* _PROBLEM DESCRIPTION_
Your answer should be only the lines below from the one with "22 июня на мемориальном" to the one with "VINKKI! Voit käyttää", repeated exactly, ends included.

* _AVAILABLE DATA_
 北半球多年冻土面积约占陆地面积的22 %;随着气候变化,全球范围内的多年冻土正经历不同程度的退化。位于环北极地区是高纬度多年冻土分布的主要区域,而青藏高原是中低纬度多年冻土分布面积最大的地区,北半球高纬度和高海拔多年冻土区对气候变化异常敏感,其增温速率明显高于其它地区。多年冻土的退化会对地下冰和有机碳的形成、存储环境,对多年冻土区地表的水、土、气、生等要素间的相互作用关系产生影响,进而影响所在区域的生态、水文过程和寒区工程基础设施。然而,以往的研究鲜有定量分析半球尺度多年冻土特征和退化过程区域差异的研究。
--
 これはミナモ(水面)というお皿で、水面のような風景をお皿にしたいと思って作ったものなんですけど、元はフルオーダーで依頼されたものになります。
--
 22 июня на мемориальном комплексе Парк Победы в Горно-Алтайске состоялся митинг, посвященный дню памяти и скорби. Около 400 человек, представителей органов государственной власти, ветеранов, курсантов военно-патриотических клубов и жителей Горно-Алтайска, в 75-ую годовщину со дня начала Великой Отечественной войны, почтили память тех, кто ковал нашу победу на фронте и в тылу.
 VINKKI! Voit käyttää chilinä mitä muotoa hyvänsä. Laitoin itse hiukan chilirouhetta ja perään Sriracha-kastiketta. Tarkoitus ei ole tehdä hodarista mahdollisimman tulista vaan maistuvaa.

* _REPLY TO THE TASK_
 22 июня на мемориальном комплексе Парк Победы в Горно-Алтайске состоялся митинг, посвященный дню памяти и скорби. Около 400 человек, представителей органов государственной власти, ветеранов, курсантов военно-патриотических клубов и жителей Горно-Алтайска, в 75-ую годовщину со дня начала Великой Отечественной войны, почтили память тех, кто ковал нашу победу на фронте и в тылу.
 VINKKI! Voit käyttää chilinä mitä muotoa hyvänsä. Laitoin itse hiukan chilirouhetta ja perään Sriracha-kastiketta. Tarkoitus ei ole tehdä hodarista mahdollisimman tulista vaan maistuvaa.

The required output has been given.